1.2 The training data

We have a training dataset \(D = \{(x_i, y_i): i\in\mathrm{Train}\}\) where

\(x_i\in \mathcal{X}\)
\(y_i\in \mathcal{Y}_\mathrm{true}\)

In most cases \(\mathcal{Y}_\mathrm{true} = \mathcal{Y}\).

The training data allows us to perform model identification by selecting a good parameter setting \(\theta^*\) such that:

\[ \forall i\in\mathrm{Train},\ f|{\theta^*}(x_i) \simeq y_i \]

1.3 The loss function

To assess how good a model is, we need a loss function:

\[ \ell : \mathcal{Y}\times\mathcal{Y}_\mathrm{true}\to\mathbb{R} \]

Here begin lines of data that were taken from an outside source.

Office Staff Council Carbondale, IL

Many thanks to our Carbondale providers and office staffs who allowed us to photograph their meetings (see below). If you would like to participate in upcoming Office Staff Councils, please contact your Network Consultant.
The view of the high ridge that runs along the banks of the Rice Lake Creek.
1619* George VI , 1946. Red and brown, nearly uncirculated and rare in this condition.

It compares two outputs: the predicted \(y_\mathrm{pred} = f|\theta(x_i)\) and the expected \(y_i\).

We must have \(l\) differentiable with respect to \(y_\mathrm{pred}\)

2 Learning From Data

2.1 Incremental improvements per sample

Suppose that we have a parameter setting \(\theta_0\), and some sample in the training data \((x_i, y_i)\).

Q: How do we adjust \(\theta \leftarrow \theta_0 + \Delta\theta\) such that the loss function is slighly improved?

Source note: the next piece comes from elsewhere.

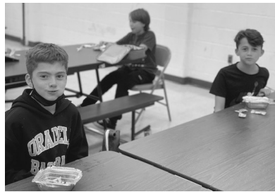
Fifth graders enjoy Soprano's Lunch.

Third Grade Halloween Fun With each day, we proudly continue to find ways to return to our OPS roots. With a full day of instruction, we have increased opportunity to differentiate for individual needs during the WIN (What I Need) instructional period. There is also more time to devote to social-emotional learning through the continued implementation of the Open Circle program, which focuses on the development of a child's self-management, relationship skills, and responsible decision-making. We happily have instrumental, choral, and handbell programs in full swing. Our children are also visiting special area classes regularly. They demonstrate their creativity in the art studio and delve into a new culture and language during world language class. They also visit the science lab where they have the opportunity to bring textbook learning to life, and regularly check books out from the library with the help of parent volunteers. PTA-sponsored lunches have returned to the delight of our parent community. Our student activities,

A: Use gradient descent: gradient is the direction that increases the field function.

The field function is:

\[ Q(\theta) = \ell(f|\theta(x_i), y_i) \]
The direction to decrease \(Q\) at \(\theta_0\) is given by:

\[ \nabla Q(\theta_0) \]
But this direction is only good for the neighbourhood of \(\theta_0\).

\[ \theta\leftarrow \theta_0 - \mathrm{lr}\cdot \nabla Q(\theta_0) \] where \(\mathrm{lr}\) is a small fraction, called the learning rate.

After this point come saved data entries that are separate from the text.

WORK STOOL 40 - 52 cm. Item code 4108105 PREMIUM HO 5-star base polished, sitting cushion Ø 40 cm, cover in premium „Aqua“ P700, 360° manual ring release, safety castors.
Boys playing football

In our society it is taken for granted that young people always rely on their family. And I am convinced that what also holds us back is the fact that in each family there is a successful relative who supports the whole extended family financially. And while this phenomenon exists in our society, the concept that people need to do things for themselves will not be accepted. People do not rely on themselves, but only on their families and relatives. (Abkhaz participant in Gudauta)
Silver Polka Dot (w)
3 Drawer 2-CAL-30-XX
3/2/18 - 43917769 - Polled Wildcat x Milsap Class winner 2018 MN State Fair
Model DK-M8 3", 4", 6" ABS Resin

2.2 Incremental improvements for the whole training dataset

Now, we can consider a set of training samples: \(\{(x_i, y_i)\}_\mathrm{Train}\).

The field function is the sum of the losses of all the samples in \(I\):

\[ Q(\theta) = \sum_{i\in \mathrm{Train}}\ell(f|\theta(x_i), y_i) \]

This allows us to perform incremental improvements over the entire training data.

Gradient Descent

This called the gradient descent (GD) algorithm.

2.3 Incremental improvements for a batch

The problem with the GD algorithm is that the training data \(|\mathrm{Train}|\) can be too large to fit into memory (sometimes even a single machine).

We will have to estimate the true gradient \(\nabla Q\) using a sample of the training data.

Let \(I = \mathrm{batch}(\mathrm{Train})\).

\[ \nabla Q\simeq \sum_{i\in I}\ell(f|\theta(x_i), y_i) \]

2.4 The Stochastic Gradient Descent algorithm

Stochastic Gradient Descent (SGD) performs model parameter update for each batch of the training data. Using a batch, SGD estimates the gradient which is used to update the parameters.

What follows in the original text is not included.